*REQUIREMENT*
Reproduce the entire listing exactly. Leave the pictures out.
* * * * * * * * *
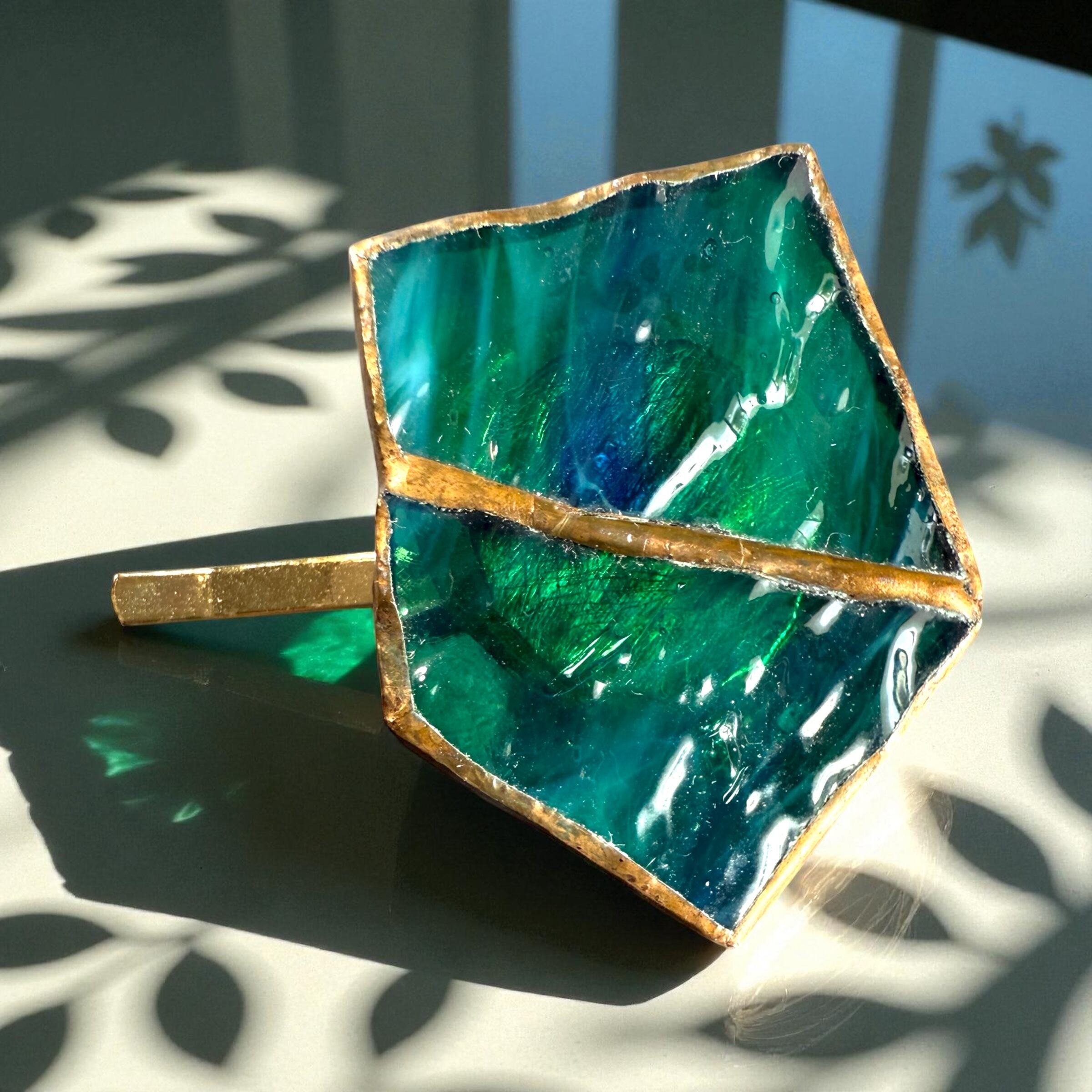 青からグリーンへと静かに溶け合う色彩が、深い海の中を思わせるガラスのポニーフック。
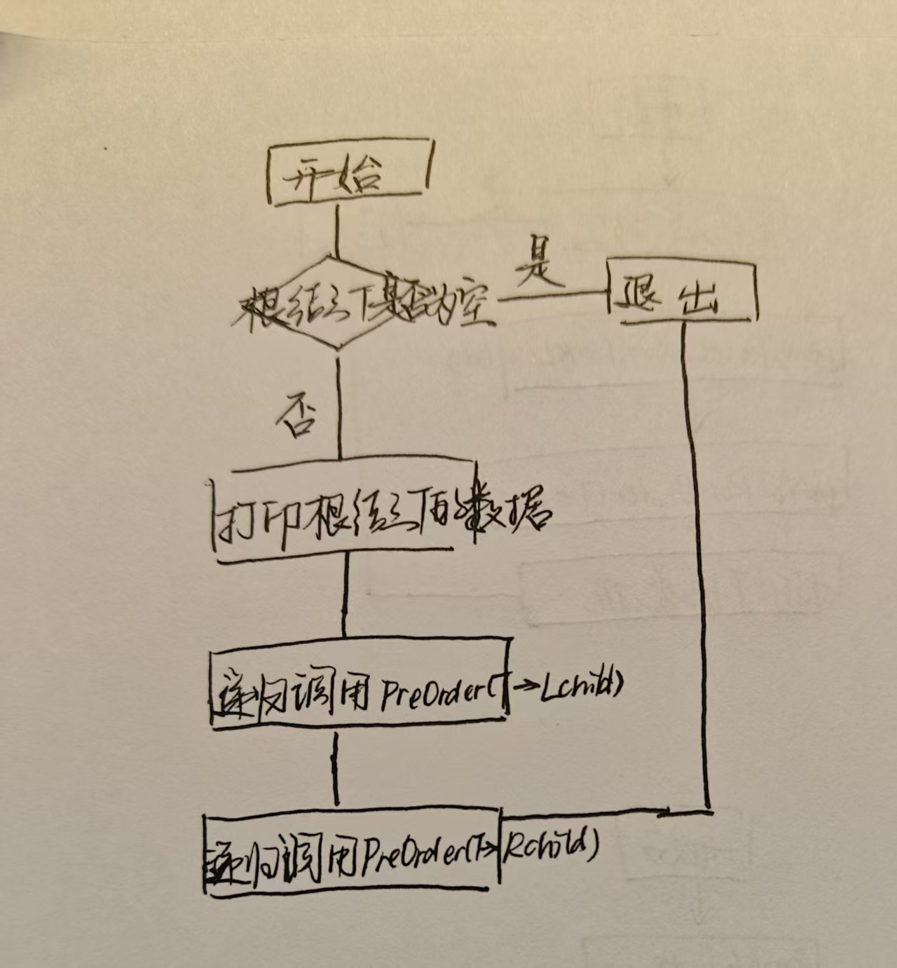 对于任一结点均可看做是根结点,因此可以直接访问,访问完之后,若其左孩子不为空,按相同规则访问它的左子树;当访问完其左子树时,再访问它的右子树。因此其处理过程如下:
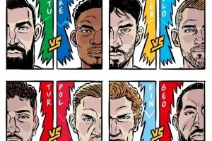 今天,歐錦賽官推曬出了8強對陣的海報,預熱1/4決賽。
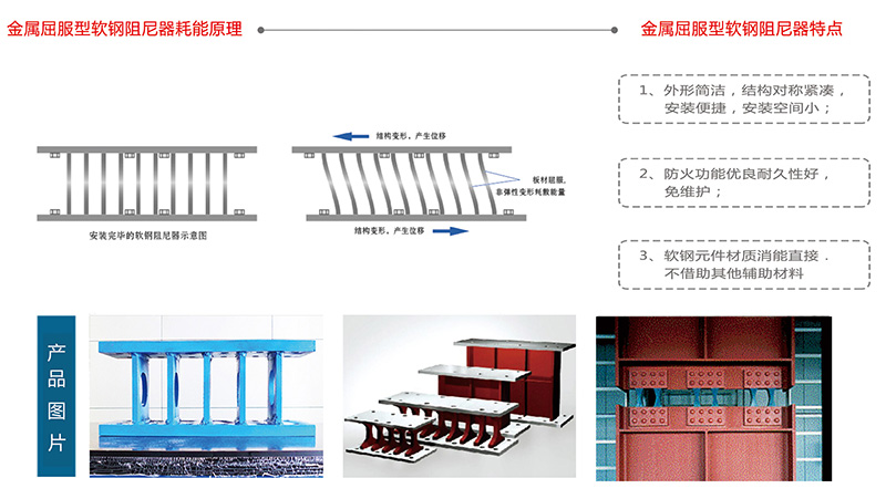 1、利用软钢板的剪切变形耗能原理而研制的一种阻尼器,主要是由上下连接板和中间剪切耗能钢板通过焊接或螺栓连接组成。其耗能原理:在水平荷载作用下由于结构层间产生大的变形带动钢板发生剪切变形,产生塑性屈服来消耗传入的能量从而达到耗能减震目的。
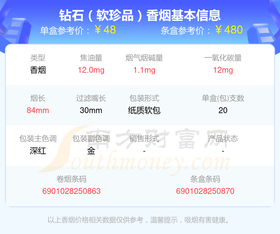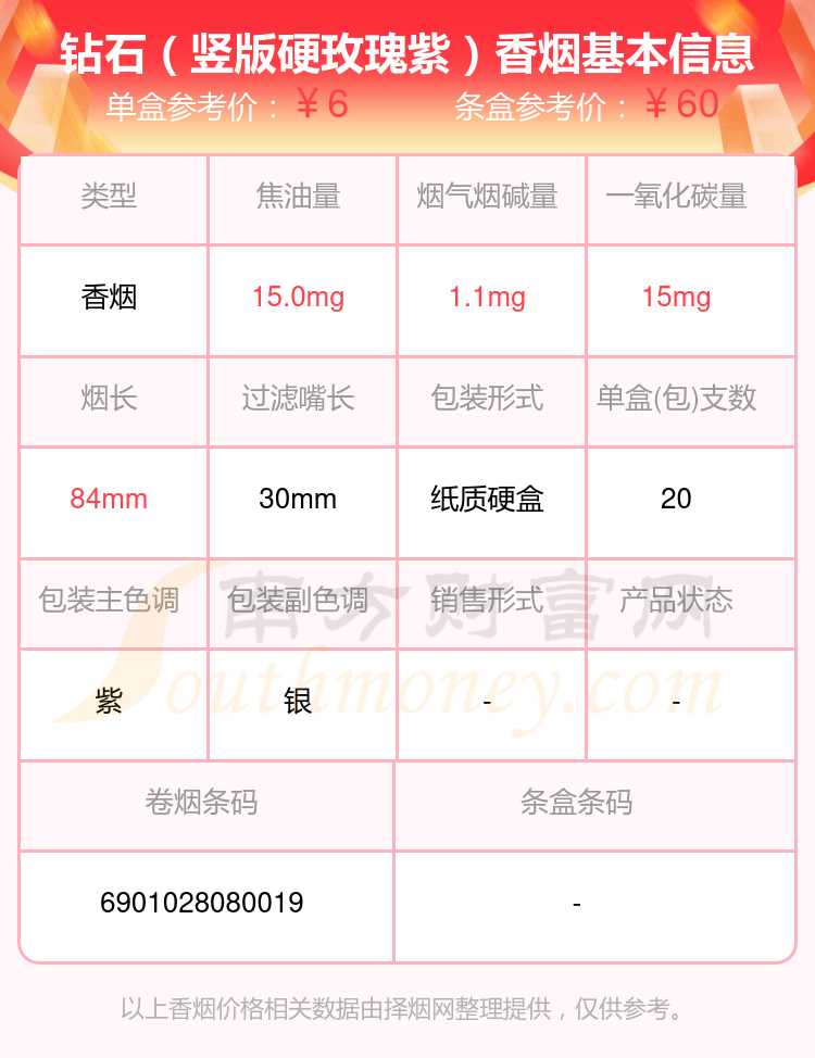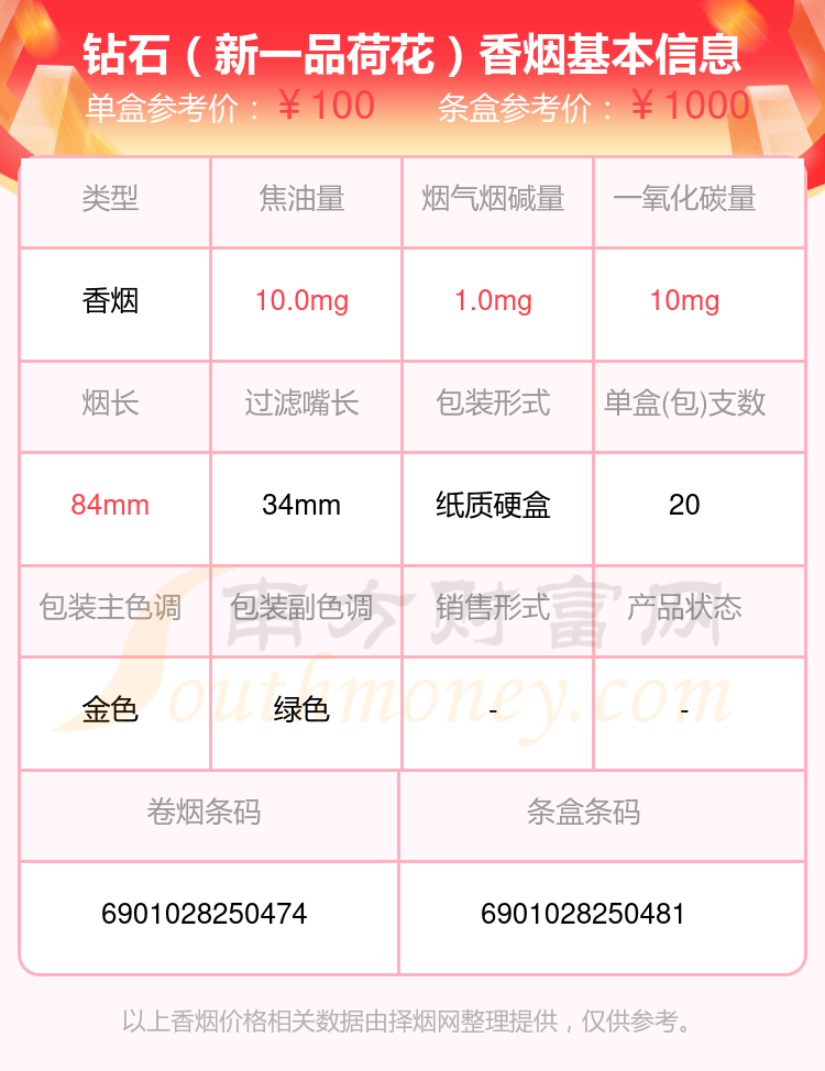擇煙網(wǎng)為大家盤點了鉆石香煙煙堿5mg以下的,分別有鉆石(軟珍品)、鉆石(豎版硬玫瑰紫)、鉆石(皇冠)、鉆石(雙喜)、鉆石(金鉆)、鉆石(迎賓)、鉆石(經(jīng)典醇和)、鉆石(新一品荷花)、鉆石(玫瑰2代)、鉆石(傳奇子龍)等,具體價格如下:
* * * * * * * * *
*EXERCISE RESPONSE*
 青からグリーンへと静かに溶け合う色彩が、深い海の中を思わせるガラスのポニーフック。
 对于任一结点均可看做是根结点,因此可以直接访问,访问完之后,若其左孩子不为空,按相同规则访问它的左子树;当访问完其左子树时,再访问它的右子树。因此其处理过程如下:
 今天,歐錦賽官推曬出了8強對陣的海報,預熱1/4決賽。
 1、利用软钢板的剪切变形耗能原理而研制的一种阻尼器,主要是由上下连接板和中间剪切耗能钢板通过焊接或螺栓连接组成。其耗能原理:在水平荷载作用下由于结构层间产生大的变形带动钢板发生剪切变形,产生塑性屈服来消耗传入的能量从而达到耗能减震目的。
擇煙網(wǎng)為大家盤點了鉆石香煙煙堿5mg以下的,分別有鉆石(軟珍品)、鉆石(豎版硬玫瑰紫)、鉆石(皇冠)、鉆石(雙喜)、鉆石(金鉆)、鉆石(迎賓)、鉆石(經(jīng)典醇和)、鉆石(新一品荷花)、鉆石(玫瑰2代)、鉆石(傳奇子龍)等,具體價格如下:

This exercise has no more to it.